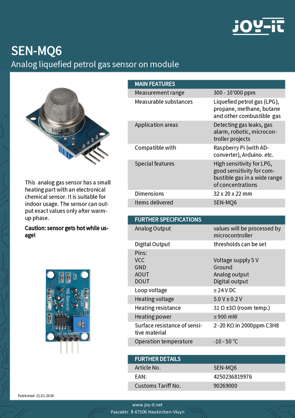 Moduł czujnika Joy-it sen-mq6 Zestaw czujnika 1 szt.
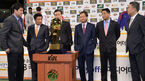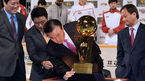 [OSEN=잠실학생체,박준형 기자] 10일 오전 서울 잠실학생체육관서 진행된 '2013~2014 KB국민카드 프로농구' 플레이오프 미디어데이에서 SK 문경은 감독이 우승 트로피를 만져보고 있다. 플레이오프에 진출한 6개팀 감독과 선수 2명(모
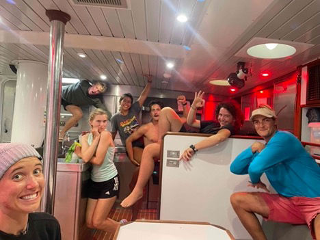 Around five days in, people start to come alive. People laugh in the cockpit; small tasks like making coffee in the morning dont require huge mental strength. Suddenly, you want to do more than just eat or sleep. At that point, people begin to think about their arrival, what they will do, and what food they will eat that they miss, how they will sleep all night in a flat bunk. Things we didnt know we would miss that we take for granted in our stationary, land-based lives.
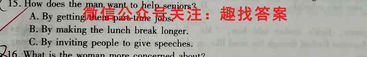 (i 5.How does the man want to help seniors?A.By getting them part-time jobs.B.By making the lunch break longer.C.By inviting people to give speeches.
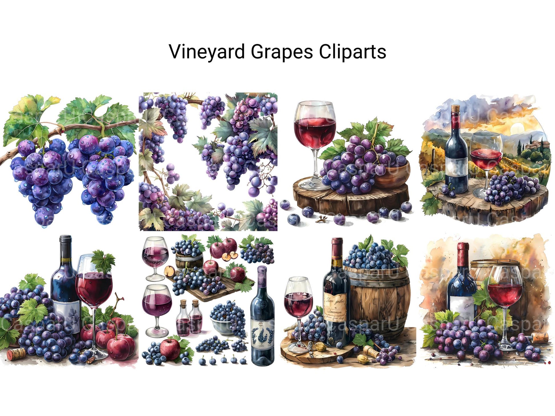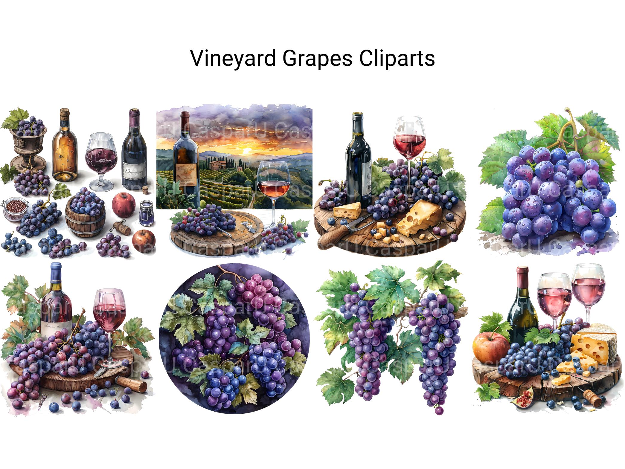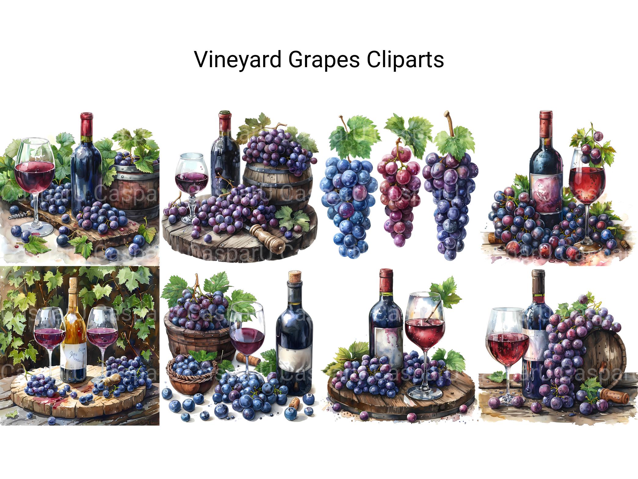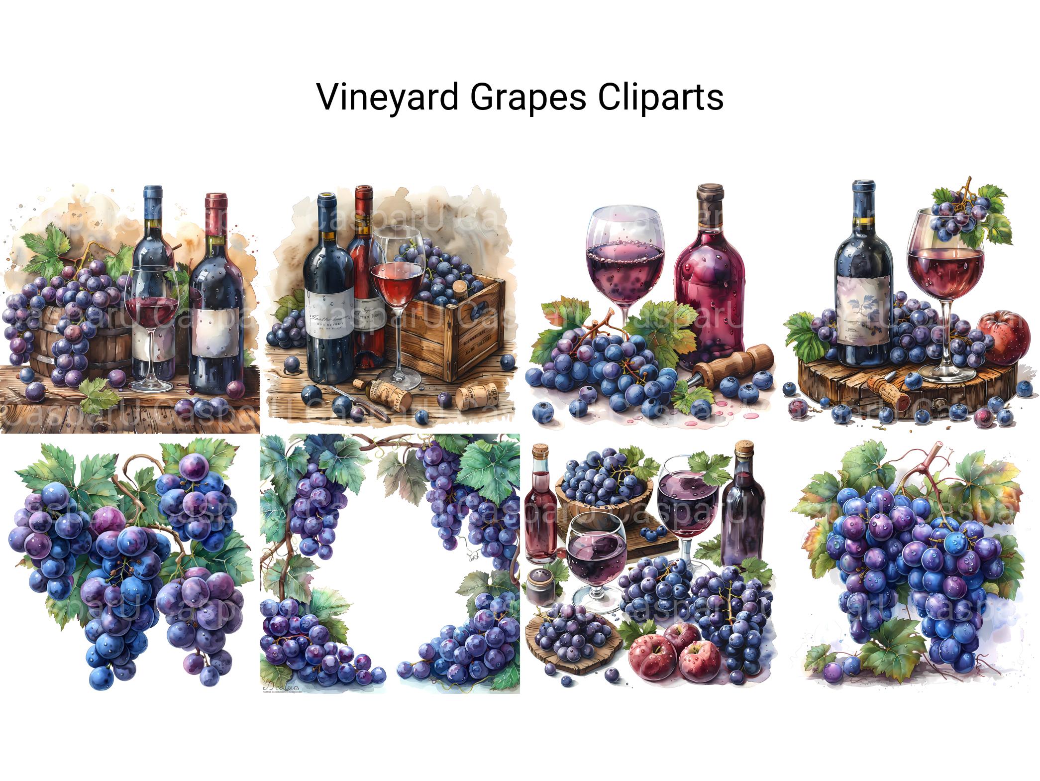Celebrate the rich colors of the harvest with our Vineyard Grapes clipart. Featuring detailed illustrations of clusters of grapes, this set adds a touch of elegance and natural beauty to your projects. Ideal for vineyard or fruit-themed designs.
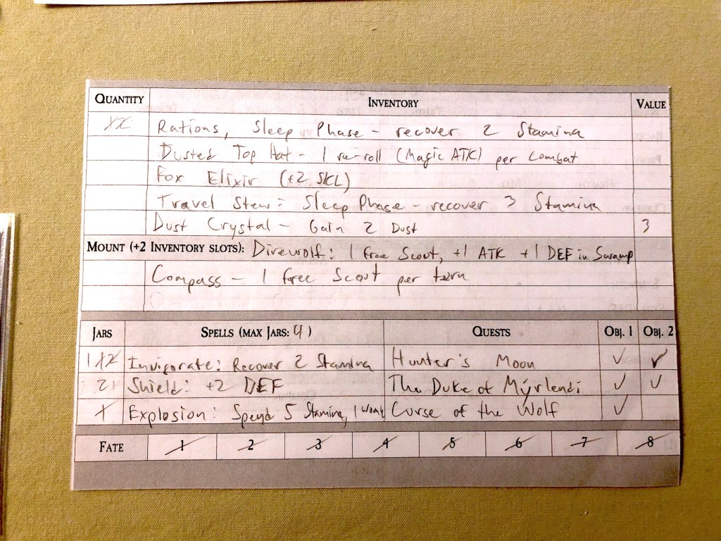 While playing solo, there are two options: play with the game’s timer (a fate track that has 8 spaces, but whether it moves each turn is based on a die roll and your level) or play in sandbox mode where you are in charge of when you stop (unless your character dies). Océane lost valuable time trying to get into the castle since I was playing with the timer. She eventually gets in, but it took all her Stamina to do it, so she heads back to town first (and also buys the Shield spell and a magic top hat). Once back in the swamp, she confronts the duke in combat (you also have the option of pledging loyalty to the werewolf duke and gaining full lycanthropy yourself, but it has some downsides). It’s a rough fight. Océane was not as prepared as I hoped, but she survives thanks to her Shield spell.
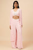 Essay by Sumedha Agrawal features a White and Pink Floral Stripes Cape Set. It comes in a set of a blouse, palazzos, and a cape. The blouse has been hand-pleated and its belt and cape borders have been hand-embroidered with pearls, white glass beads, resham, and mirrors. Made with double georgette and the highest quality of santoon lining you do not have to worry about transparency with this white outfit.
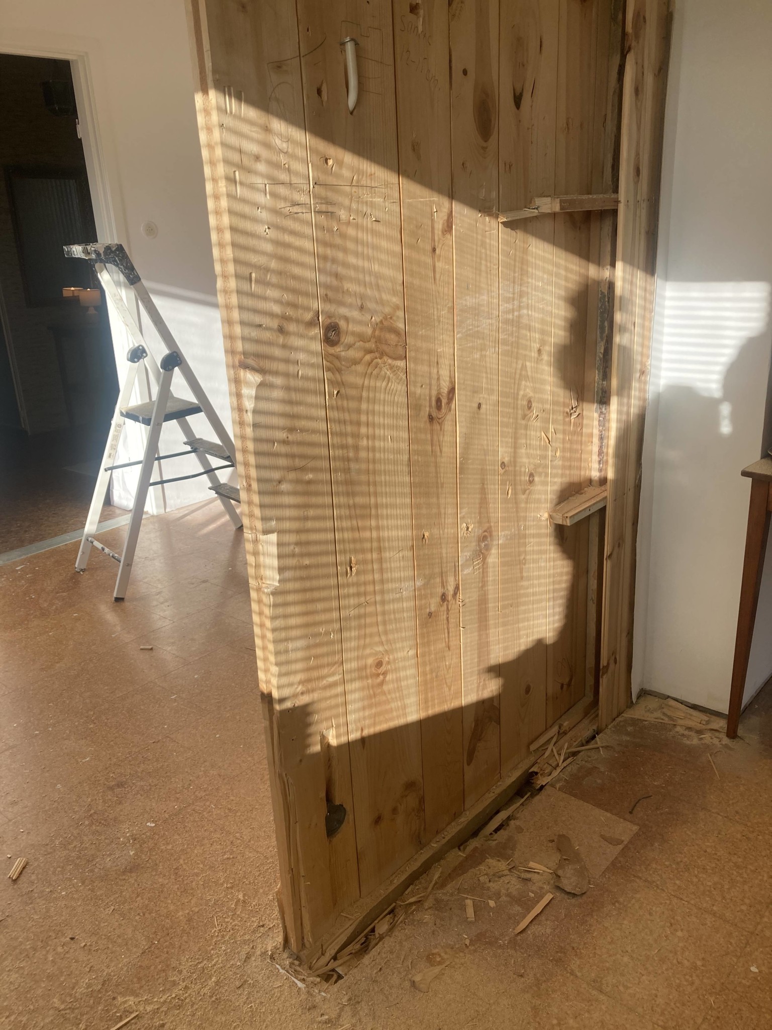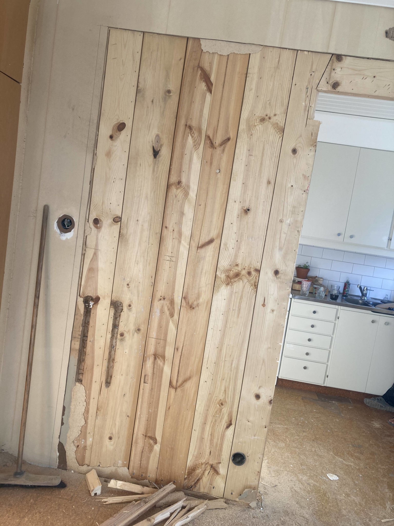 Har tidigare frågat här på forumet huruvida en vägg lär vara bärande eller inte. Tanken är att vi ska bredda öppningen med ca 1 meter. Anledningen att vi nu är osäkra är pga de tjocka spontade brädorna (45mm brädor) som hittades bakom masoniten. Så jag frågar igen, vad tror ni? Se bifogade bilder över ritning samt vägg.
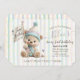 Celebrate a little one's milestone with this charming birthday invitation featuring a pastel-striped background, gold star accents, and an adorable teddy bear in party attire. Whimsical and warm, this design sets the tone for a joyful first birthday celebration filled with games, treats, and festive cheer.
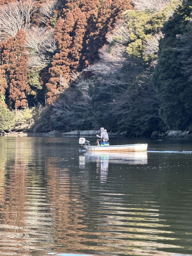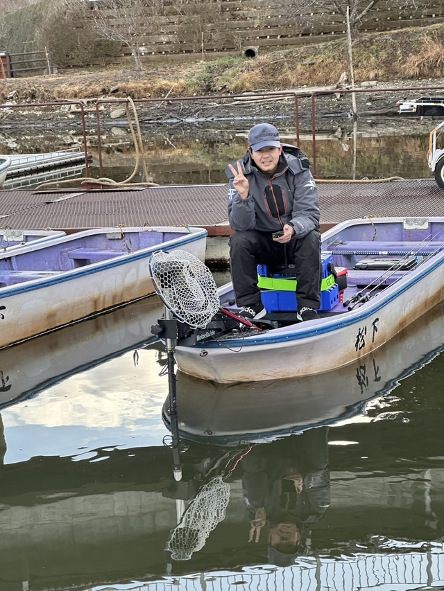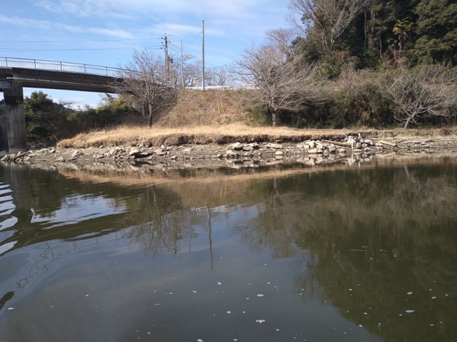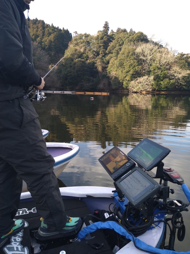 だいぶ減水しているようでこの時期の亀山の減水は珍しいそうで、魚が少しディープに居ると松下ボートさんより教えて頂き、冬の定番ポイントを探っていきますがバイトすらなく終了・・・。キビシイ( ノД`)シクシク…

• • • •

Exercise:
Given the listing above, return exactly, and only, the lines from the line with "Celebrate a little" through its final line, both included, with the pictures removed.

Exercise result:
 Celebrate a little one's milestone with this charming birthday invitation featuring a pastel-striped background, gold star accents, and an adorable teddy bear in party attire. Whimsical and warm, this design sets the tone for a joyful first birthday celebration filled with games, treats, and festive cheer.
 だいぶ減水しているようでこの時期の亀山の減水は珍しいそうで、魚が少しディープに居ると松下ボートさんより教えて頂き、冬の定番ポイントを探っていきますがバイトすらなく終了・・・。キビシイ( ノД`)シクシク…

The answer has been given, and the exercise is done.